To address this public health risk, this project will synthesize innovative, efficient, and biocompatible macromolecules that effectively encapsulate the heavy metal and purify lead-contaminated water upon extraction from aqueous environments. The investigator's long-term goal is to build a viable and competitive polymer research program at Prairie View A&M University.

Through this program, graduate and undergraduate students will learn how to conduct application- and hypothesis-driven investigations in the polymer chemistry field. The following objectives will be pursued to satisfy the overall goals of the project: (1) understand how polymer architecture and branching impact metal chelating affinity; (2) explore how solubility parameters affect the chelation efficiency of the nanomaterials; and 3) engage undergraduate and graduate students in high-impact and intensive polymer chemistry research environments.

Collaborators at Texas A&M University, Tulane University, and the State University of New York at Stony Brook will aid in specialized characterization of the nanomaterials, extending the potential for transformative impact.

The overarching goal of this project is to investigate the effectiveness of amino acid-functionalized macromolecules towards sequestering lead ions to promote water purification. Biocompatible, polymeric materials with both linear and branched architectures will be generated with adequate functionality to comprehensively probe the structure-property relationship underlying metal-chelating activity.

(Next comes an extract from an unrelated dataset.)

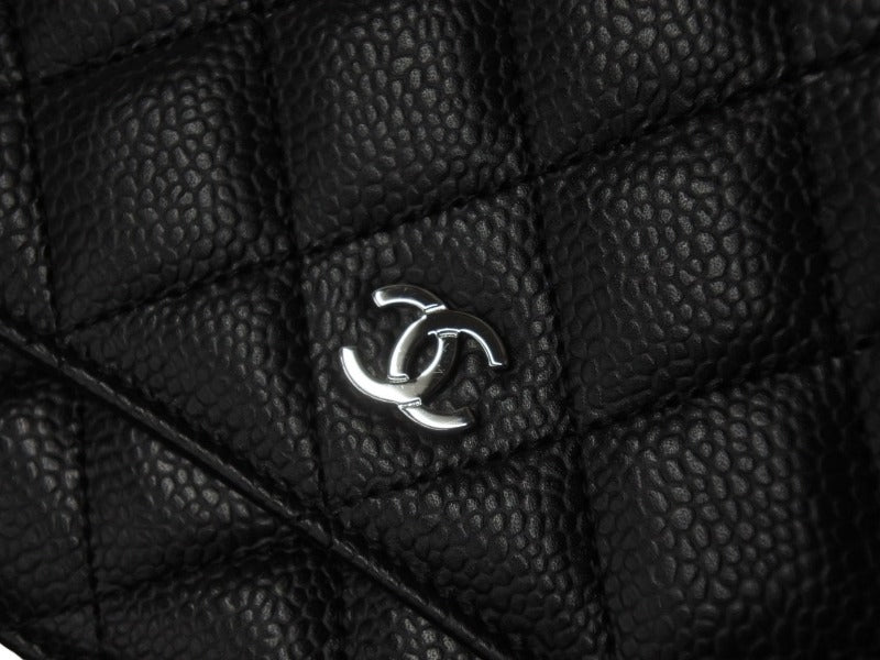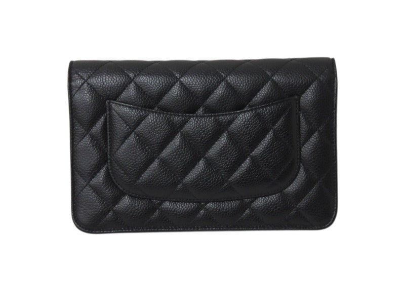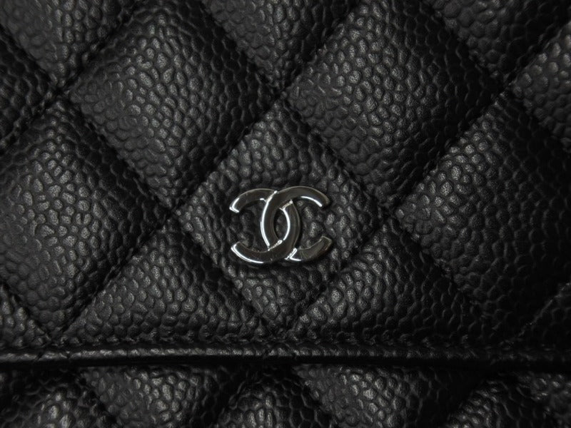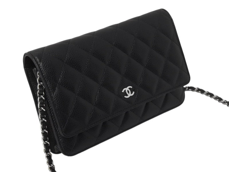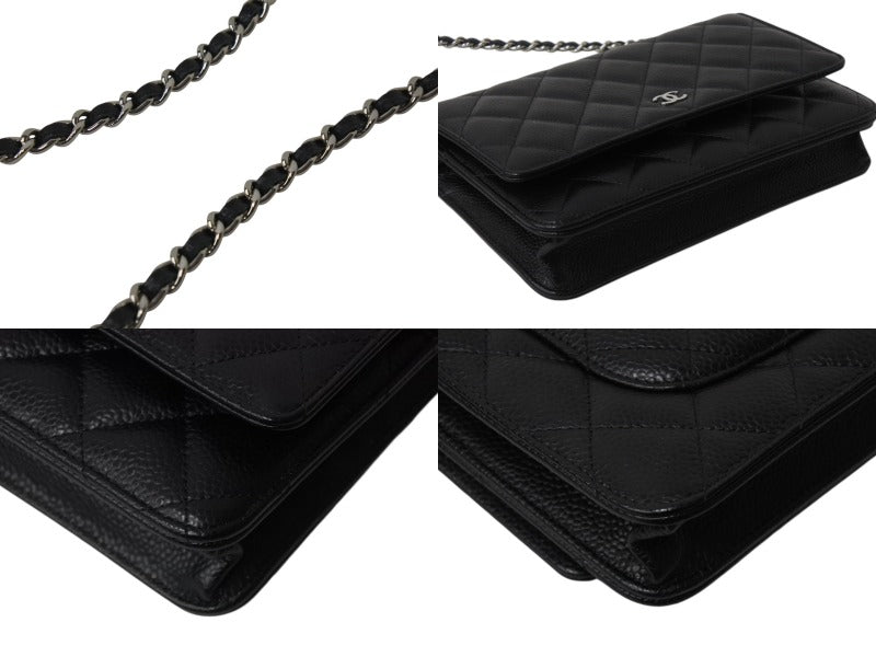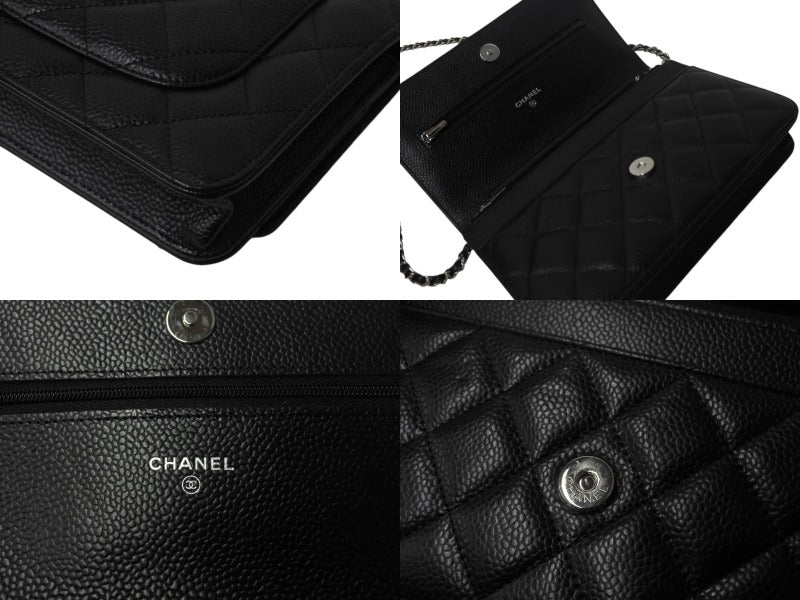 極美品 CHANEL シャネル チェーンウォレット ショルダーバッグ ランダム番台 ココマーク キャビアスキン キルティング ブラック 中古 4b002801

To enable sufficient complexation of lead ions, hyperbranched and dendrimeric polyesters and linear polycarbonates will be outfitted with n-acetylcysteine via thiol-yne click addition to generate numerous vicinal thioether binding pockets covering the polymer surface or backbone. Novel insights into binding capability will be obtained, and vicinal thioethers and water-soluble polymers will be produced.

The efficacy of the materials will provide data that can inform future efforts to prevent and treat lead contamination.

This award reflects NSF's statutory mission and has been deemed worthy of support through evaluation using the Foundation's intellectual merit and broader impacts review criteria.